Remember, your children can and likely know more than they can say.  Or, what they know and think can sometimes not be put into words. The worriers among Menno Simon’s children are the ones I am most concerned about.  They are the ruminators, the processors who may be anxious, but are not able to put words to their thoughts and feelings.

Edward Robinson’s essay The Original Vision, is long out print.  However, I came across it during a course in my Ph D studies completed at Boston College.  He asked adults to describe their ‘original vision,’ their earliest spiritual experience that they could remember. 

  As a small child one of my favorite festivals was Trinity Sunday. It seemed to me quiet and beautiful, and happening around midsummer became associated in my mind with green trees and flowers in bloom. It was “mysterious” and right, something far bigger than the words used in church about it which sounded to a small child nonsense. But Trinity wasn’t nonsense, it was holy, holy, holy as we sang in the hymn, and even a very young child could join in a sort of “oneness” with all things bright and beautiful and worship this Something so great and lovely that it didn’t matter at all that it was not understood. It just WAS.
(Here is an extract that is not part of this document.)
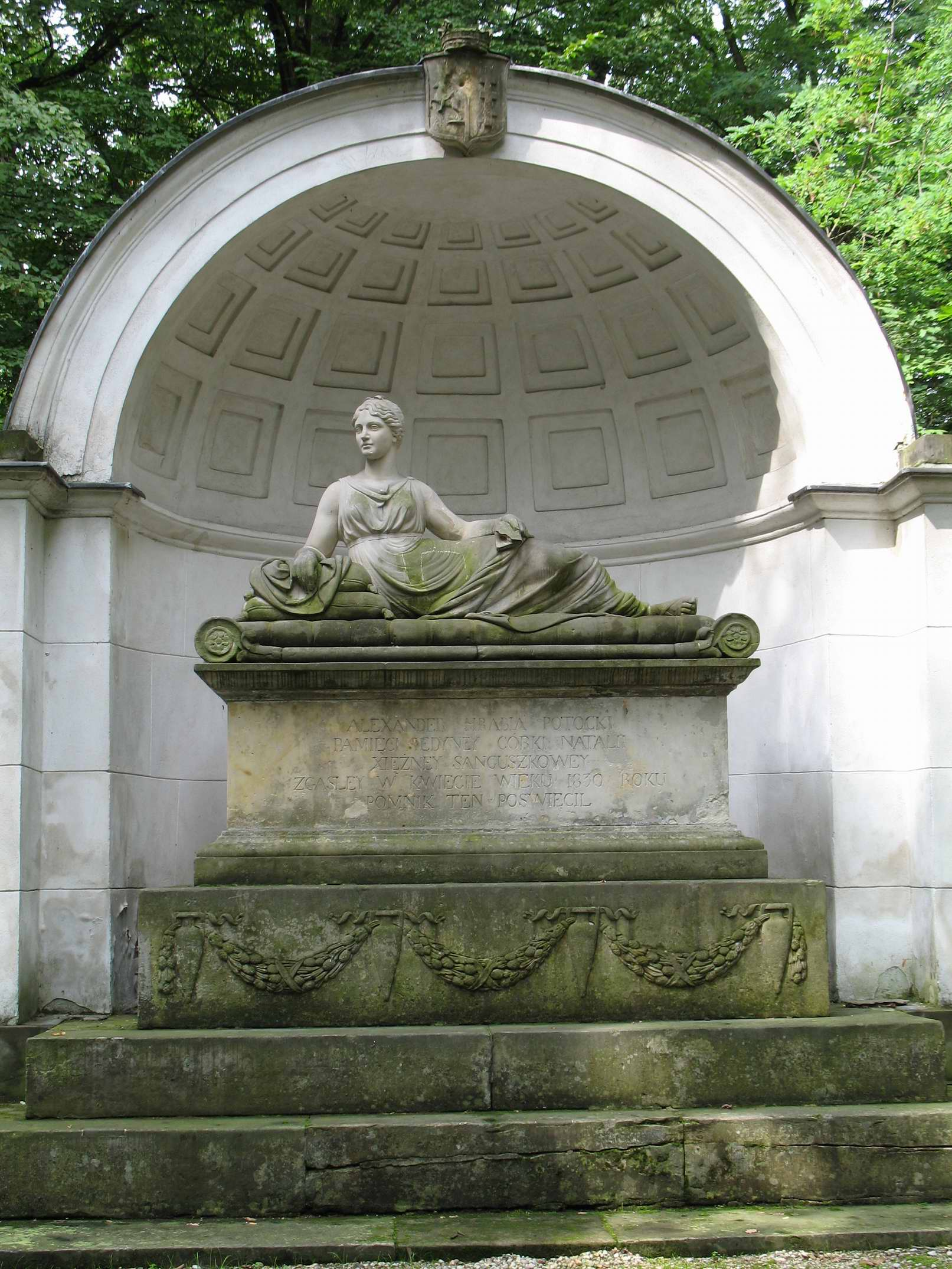 Both sarcophagus and monuement to Natalia Sanguszkowa b. Potocka in Natolin (Warsaw)

Neither my mother nor my father attempted to explain or describe God to me. He was indescribable as far as I was concerned, a Creator. But I am sure my parents increased my sense of God’s omnipotence and mystery by their own awe and reserve in discussing the subject.

My first real apprehension of religion that I can recall came from the housemaid, Alice, who was an enthusiastic follower of the Salvation Army. She would teach us choruses which we sang all together, “Pull for the Shore, Sailor”…and it was with her one evening that I first got an idea of the immense and lonely blackness of the night, and the distance of the stars, hence a sense of the power and strangeness of God, for I don’t think I ever questioned His existence.
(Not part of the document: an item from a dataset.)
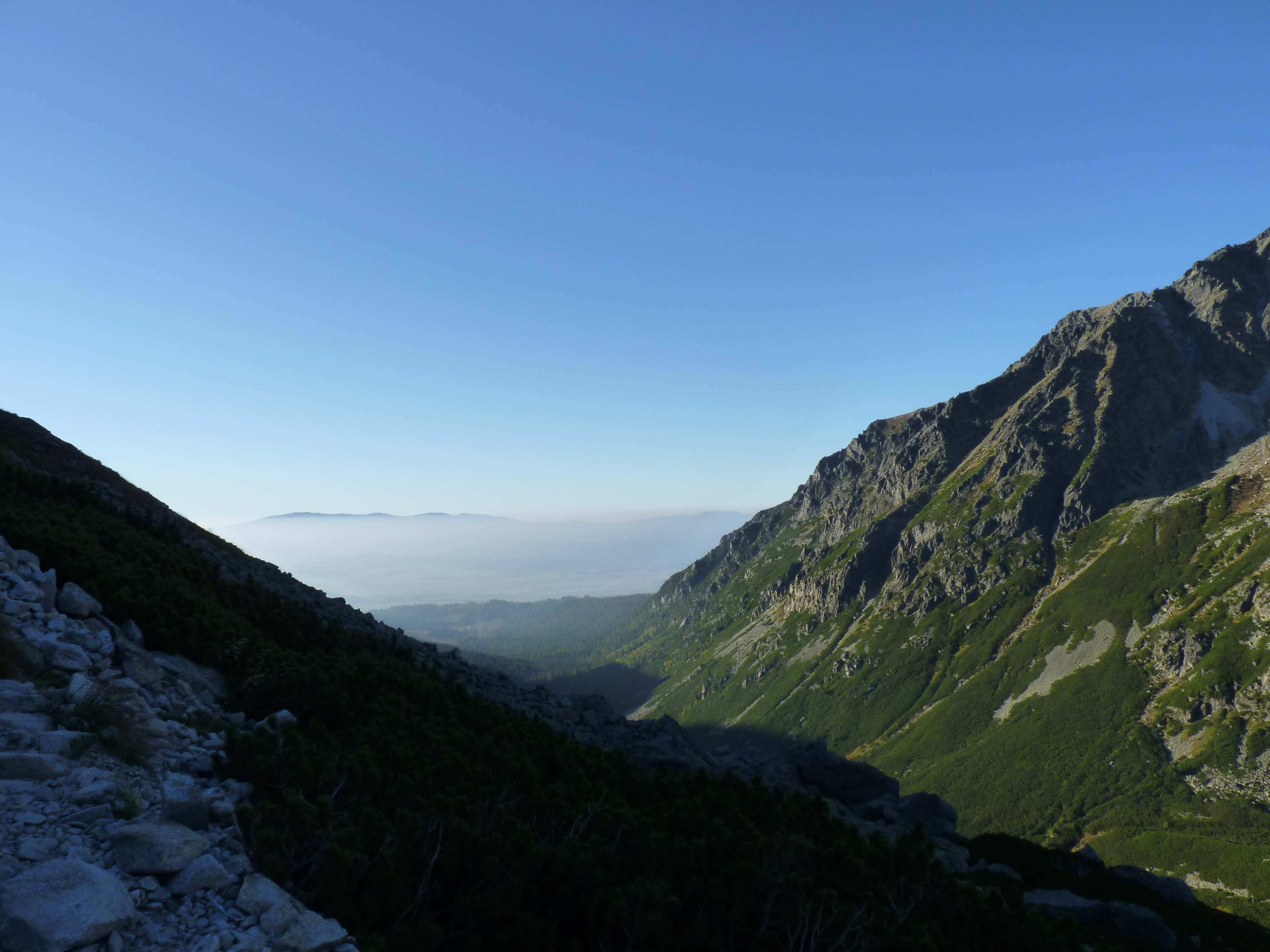 Mengusovská valley, High Tatra Mountains, Slovakia

Let’s build good memories for our children, during this time.  When they look back, the difference maker in their lives may or may not be the ‘preaching’ we delivered to them, your advice to not worry, don’t be anxious and so on.  I am sure that the real difference maker will be your example to them, your modeling of trust and faith in God, your remembering ‘out loud’ with them.  Maybe St. Frances of Assisi had it right when he told his disciples, ‘Go and preach the gospel, and if you have to, use words.’

I think that John O’Donohue, in Walking in Wonder, gets it. He refers to big learning outcomes made possible only by being in community, where modeling is of something real, including modeling of remembering. He describes the learning outcomes as a divine and wild imagination, a birthing of ways of being in the world that are tinged with freedom, memories of experiences and good thoughts, feeling sheltered and protected by right relationships, belonging to something big and being enveloped with the mystery of everything. A tall order but maybe this crazy time brings it all within our reach, and provides us with our program of studies for our children, a curriculum rich with teaching and learning gifts, to us and our children.

God bless you as you set about to help your children remember.